The role of the type of flows, turbulent and laminar, for reducing SSI in OTs is still widely debated, with a particular focus on prosthetic surgery (3). A recent meta-analysis found no benefit of laminar airflow over turbulent ventilation in reducing the risk of SSI in total hip and knee arthroplasties and abdominal surgery (6). Another study evaluated the cost-effectiveness of laminar airflow systems for total shoulder arthroplasty, concluding that to justify the installation and maintenance costs of this technology, a high number of total shoulder arthroplasty with a high reduction in periprosthetic joint infection rates are required (7). A multicentre study found that there was a significant relation between the turbulent ventilation system and particle counts with increased air microbial counts, but not with wound contamination (8). Measures to increase OT air turnover can ensure a reduction in the number of particles and the bacterial load in the room (9). However, sometimes the desired result is not achieved with an increase in energy consumption and costs (10).
Door openings have an impact on air quality. The positive air pressure of the OT should prevent contamination by outside air, but under certain conditions, this can be cancelled or reversed by opening the door and failing OT prevention measures, with an increase in bacteria and airborne particles (11–13). Although a strong relationship among air contamination, microbial contamination and SSI is still debated, it is logical to assume that airborne particles may be potential carriers of pathogenic bacteria and an additional potential cause of SSI. Electronic particle counting can be taken as an objective measure of the efficacy of air systems in OTs and a predictor of the risk of SSI (8, 14).

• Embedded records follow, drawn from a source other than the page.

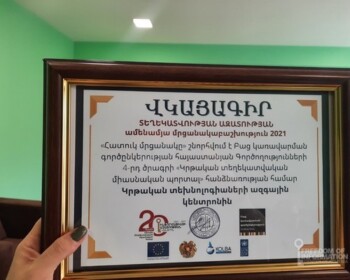 - Award for the NGO, that has contributed to the exercising of the rights of access to information, went to the Helsinki Civil Assembly Vanadzor Office.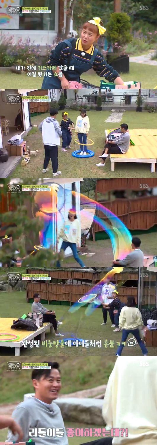 이서진은 “우리 엄마 허리 아파서 잘 걷지도 못 하신다”라고 말해 웃음을 자아냈다. 박나래는 리틀이들을 위해 대형 비눗방울 쇼를 준비했다고 밝혔다. 이어 박나래는 “키즈카페에서 봤는데 정말 어마어마했다”라며 대형 비눗방울을 준비해 보여줬다. 다들 "와아아아~ "라며 아이들처럼 소리를 질렀다. 이어 리틀이들이 좋아할 생각에 즐거워했다.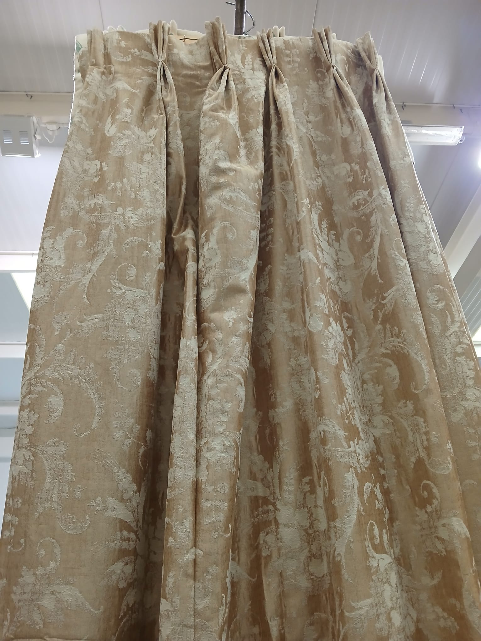 Gold cream design. lined with pinch pleats. This pair will cover 280cm wide by 218cm drop. Fade to linings.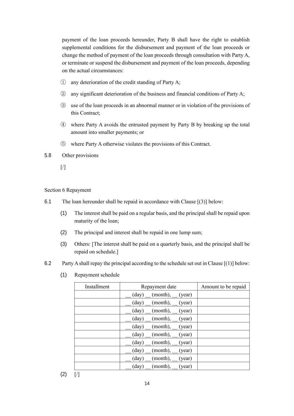14 payment of the loan proceeds hereunder, Party B shall have the right to establish supplemental conditions for the disbursement and payment of the loan proceeds or change the method of payment of the loan proceeds through consultation with Party A, or terminate or suspend the disbursement and payment of the loan proceeds, depending on the actual circumstances: ① any deterioration of the credit standing of Party A; ② any significant deterioration of the business and financial conditions of Party A; ③ use of the loan proceeds in an abnormal manner or in violation of the provisions of this Contract; ④ where Party A avoids the entrusted payment by Party B by breaking up the total amount into smaller payments; or ⑤ where Party A otherwise violates the provisions of this Contract. 5.8 Other provisions [/] Section 6 Repayment 6.1 The loan hereunder shall be repaid in accordance with Clause [(3)] below: (1) The interest shall be paid on a regular basis, and the principal shall be repaid upon maturity of the loan; (2) The principal and interest shall be repaid in one lump sum; (3) Others: [The interest shall be paid on a quarterly basis, and the principal shall be repaid on schedule.] 6.2 Party A shall repay the principal according to the schedule set out in Clause [(1)] below: (1) Repayment schedule Installment Repayment date Amount to be repaid __ (day) __ (month), __ (year) __ (day) __ (month), __ (year) __ (day) __ (month), __ (year) __ (day) __ (month), __ (year) __ (day) __ (month), __ (year) __ (day) __ (month), __ (year) __ (day) __ (month), __ (year) __ (day) __ (month), __ (year) __ (day) __ (month), __ (year) __ (day) __ (month), __ (year) (2) [/]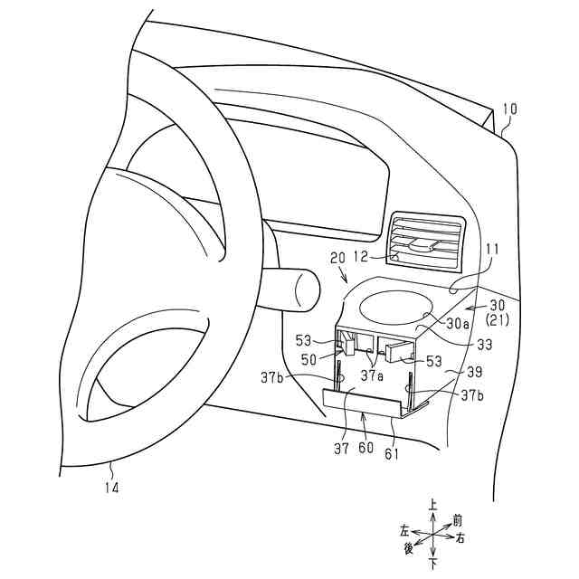 特許文献1には、車両のダッシュボードに設けられたオーディオ装置から突出して電子機器を保持するホルダ装置が開示されている。オーディオ装置は、車室内に露出する意匠部と、ダッシュボードの内部に配置されていて車室内に露出しない本体部とを備えている。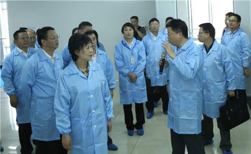 邱則有向湖南省委常委黃蘭香介紹鋰電池生產(chǎn)工藝流程

This research aims to evaluate particulate matter (PM) and microclimatic variations resulting from the door opening in different types of OTs.
Between December 2019 and February 2020, a cross-sectional study compared levels of airborne particulate, differential pressures and microclimatic parameters in five different types of OT, at a teaching hospital of Siena, in the following two experimental conditions: 1) doors closed and 2) opening/closing of the main door. The entire opening and closing operation lasted 25 s: the door remained open for 10 s and the opening/closing movement lasted 15 s. The opening/closing was run twice. The recording period was defined within 6 min to ensure that any measurements would cease to vary. Temporal data were recorded with a sampling time of 1 min. The PM and other parameters were recorded in seven locations for each room, alternating the two studied conditions.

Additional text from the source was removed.